Central Europe’s Russia/Deflation Hit
Central Europe has not yet been hurt badly by the Russian trade and investment hiatus and draws commodity import relief but is grappling with deflation as Slovak Republic bond yields go negative and stock markets slip with company pricing ability. In Poland headline CPI is -1 percent as the central bank slashed the benchmark rate 50 basis points despite 3 percent growth and a 55 PMI reading. Auto manufacturing and consumer demand have been solid in advance of national elections, with the main opposition party introducing Swiss franc mortgage breaks into the debate. Monetary officials argue that blanket solutions could compromise banking system health and encourage voluntary individual client workouts. Hungary has continued easing through conventional and special channels, the latter focusing on discount small firm lending schemes which get popular support despite the Orban administration’s loss of its sweeping legislative majority. EU-backed projects continue to aid 3 percent growth despite Brussels’ denunciations of strongman tendencies. The Czech Republic will keep its own currency cap through 2016 with no inflation recorded last year as the start of ECB massive bond-buying will add a crowning touch to the strategy.

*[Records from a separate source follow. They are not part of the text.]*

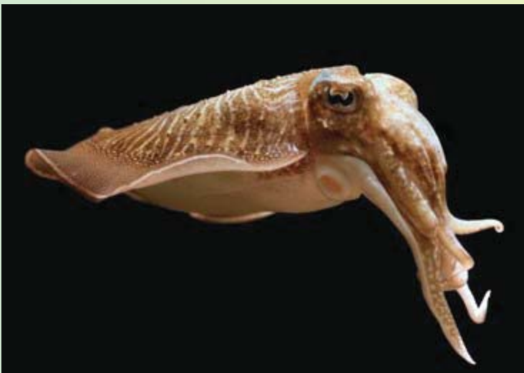
Beenvis / Cuttlefish
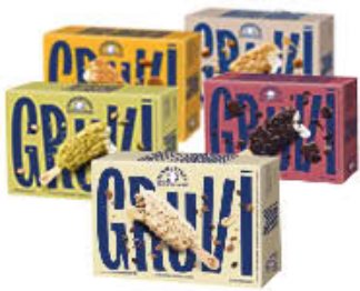
SAMMONTANA STECCHO GRUVI X 4
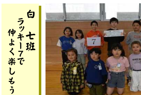
白 七 班 ラッキーフで 仲よく楽しもう
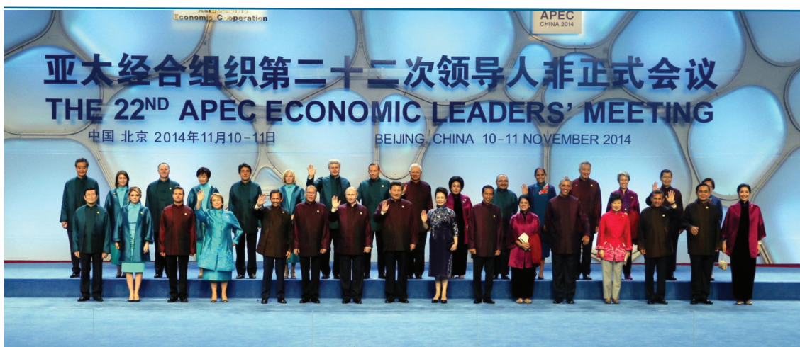
Η οικογενειακή φωτογραφία των ηγετών που πήραν μέρος στην APEC
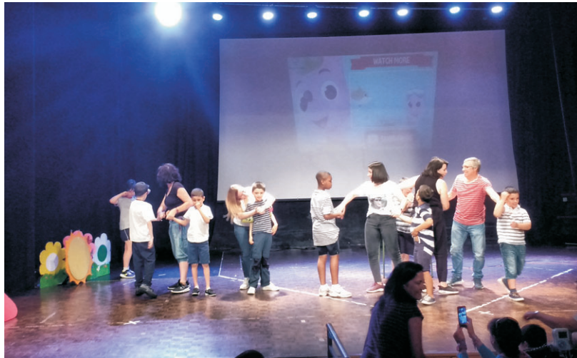
Actuación del alumnado del colegio Ciudad de Toledo, el pasado 19 de junio.

“En la última temporada hemos hecho una programación para la Sala Thalia por expreso deseo de la alcaldesa, comenta Plaza, que ha incluido cuatro
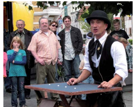
Rono sorgt für Aufsehen.
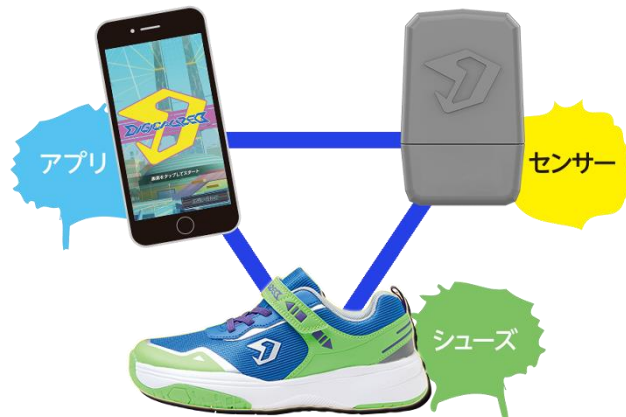
▲『DIGICALIZED』シューズ専用 センサーユニットと専用アプリ『DIGICALIZED』アプリの連携

本商品は、コロナ禍の影響で外遊び機会が減少し運動不足が増長したと言われる子どもたち向けの“超体感型スマートシューズ”です。『DIGICALIZED』 デジカライズ シューズのインソールの下にあるセンサーポケットに『DIGICALIZED』 デジカライズ シューズ専用 センサーユニットを入れ、センサーと専用アプリ『DIGICALIZED』 デジカライズ アプリを連携させて使用します。アプリ内のアバターとともに各種体感アクティビティをプレイすることで、子どもたちに継続的な運動を促し、楽しみながら健康になってもらうことを目的としています。
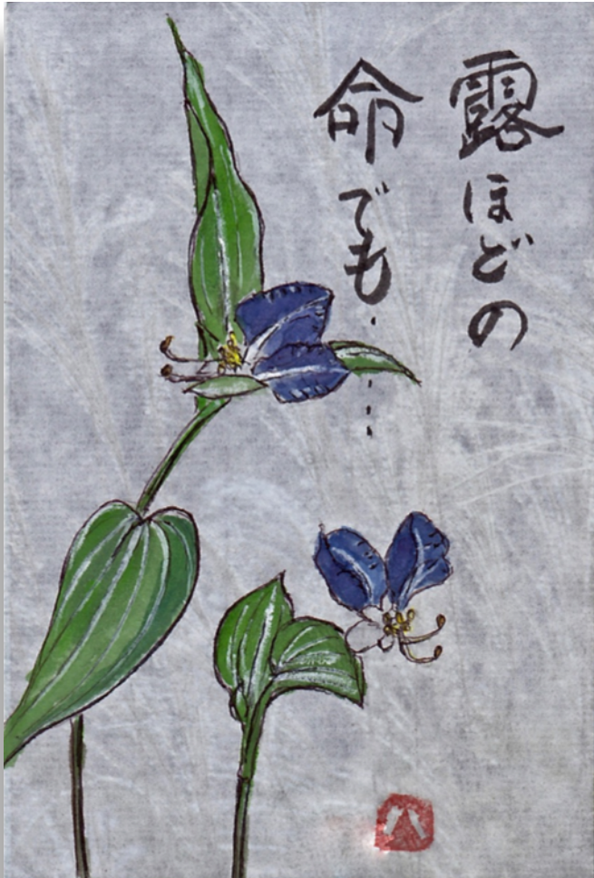
水彩画：ハナミズキさん
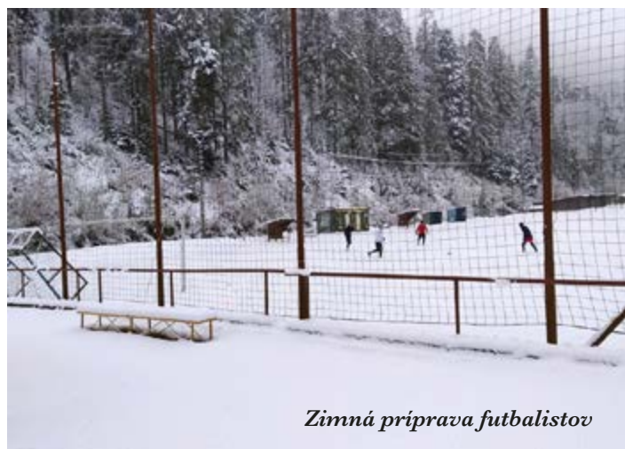
Zimná príprava futbalistov
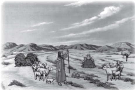
Switch rod for snake. Show Aaron (35) meeting Moses.
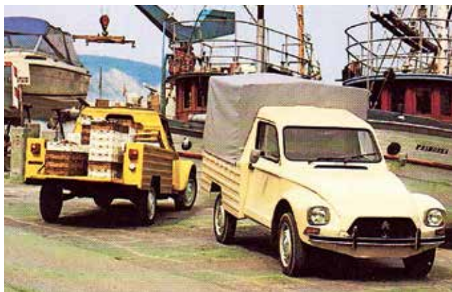
Tovorno različico – diano DAK (diana avto kombi), so izdelovali v koprskem Cimosu.

Tudi novi in moderni C3 posebejla svoboden duh in edinstven stil majhnih limuzin tipa »spačka« in diane.
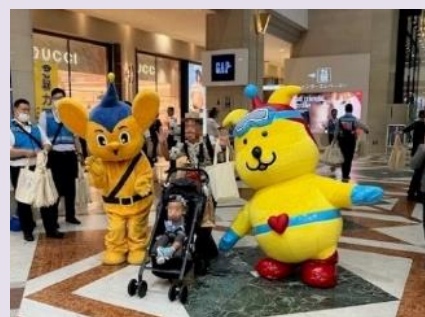
【街頭キャンペーンの様子】
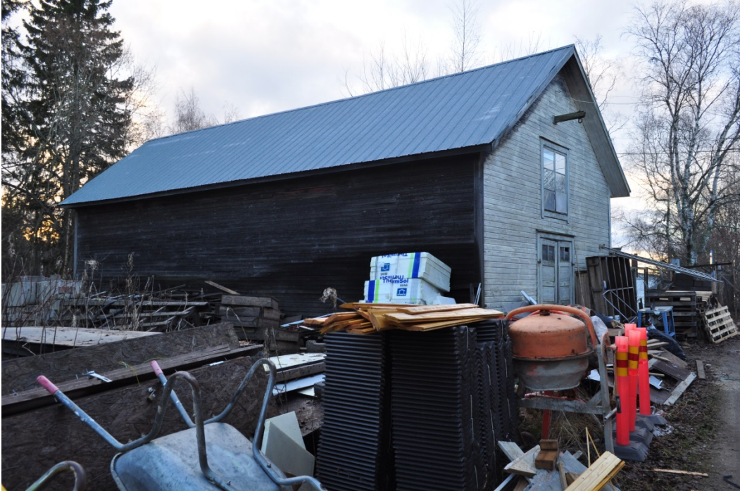
Kuva 13. Varastorakennus on säilynyt ulkoasultaan hyvin.

Rankorakenteinen varastorakennus rakennettiin tehdasrakennuksen laajennuksen yhteydessä tontin eteläreunalle. Vanhat varastot olivat sijainneet laajennusosan paikalla, joten uusi varasto tarvittiin.
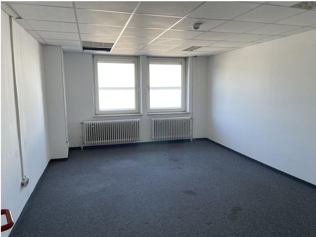
Bild Büro- und Sozialflächen 5
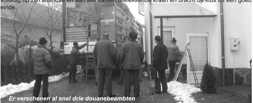
Er verschenen al snel drie douanebeambten

Het ambtelijk apparaat werkte in alle opzichten mee: er verschenen al snel drie douanebeambten die papieren en vracht controleerden en toestemming gaven om te lossen. De volgende dag reden we naar de boerderij. Het lossen van de maaidorsmachine uit de vrachtwagen bracht de nodige hoofdbrekens met zich mee, maar de stoïcijnse kijkende kraanmachinist vertrouwde volledig op zijn aftandse en aan alle kanten olielekkende kraan en bracht de klus tot een goed einde.
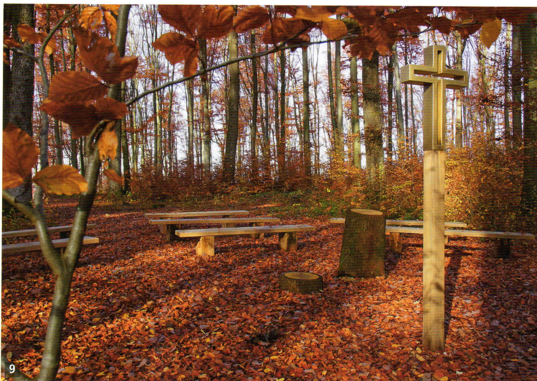
9, 10 FriedWald – Les Míru. Od roku 1993 si lze ve Švýcarsku vybrat v jednom z 70 takových vybraných lesů strom svého posledního klidu
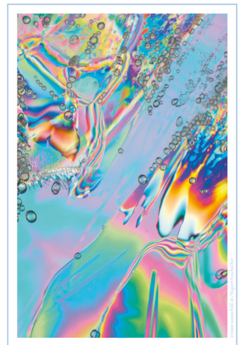
Leitungswasser aus Stuttgart mit VortexPower® Spring
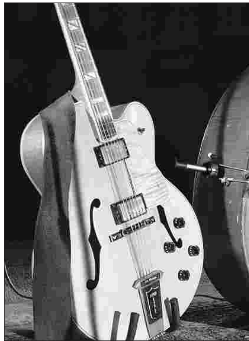
Die Freunde des Jazz kommen in Juni wieder auf ihre Kosten. Bereits zum sechsten Mal finden die Monschauer Jazz-Tage statt.
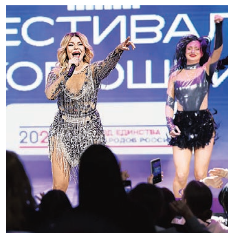
↑ Самой ожидаемой звездой культурной программы была Лада Дэнс – певица исполнила свои известные хиты и по-настоящему зажгла публику.
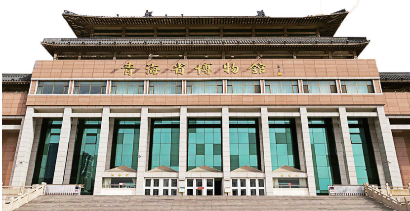
青海省博物馆。资料图片

从远古彩陶烟火，到丝路交融风华，从鲜活非遗民俗，到百年热血征程，青海省博物馆用一件件文物，讲述着高原大地的沧桑与璀璨。

Kazakhstan stocks shed 20 percent among the worst MSCI frontier results as February’s previous currency devaluation anniversary passed with no reset against the ruble as non-deliverable forwards anticipate an adjustment of the same magnitude, and President Nazarbaev in power since independence called early end-April elections. All parliamentary members except one urged the snap polls as the regime scrambles to preserve economic and political confidence with the oil and Russia crisis effects. GDP growth may be only 1 percent this year on 5 percent inflation that would spike with presumed exchange rate change. Banks find few borrowers at double digit interest rates as they cope with a 30 percent NPL legacy from the 2008 crash. Both private and multilateral advisers urge faster write-offs through tax incentives and a nascent central resolution agency, but the saga has been mired in family and ruling party intrigue as the President’s former son-in-law was found hanged in a foreign jail cell and another alleged conspirator against the state lenders awaits extradition from Italy. Shares have also suffered from insider maneuverings in dual London-listed ENRC and indefinite delays in partial public enterprise selloffs promised under a “popular capitalism” program. Full exploitation of the giant Kashagan field remains distant with international funding and technical partners now gaining leverage with the global slump which has battered fellow CIS oil producer Azerbaijan. The longstanding currency peg to the dollar there was abruptly ended and the government petroleum company plans another Eurobond to bolster its position after sovereign wealth fund losses. The Aliev regime was already under criticism for imprisoning journalists ahead of hosting a major international event, and the hydrocarbon-endowed Turkmenistan chief has in turn been condemned for authoritarianism as remittances from Russia may drop 30 percent this year.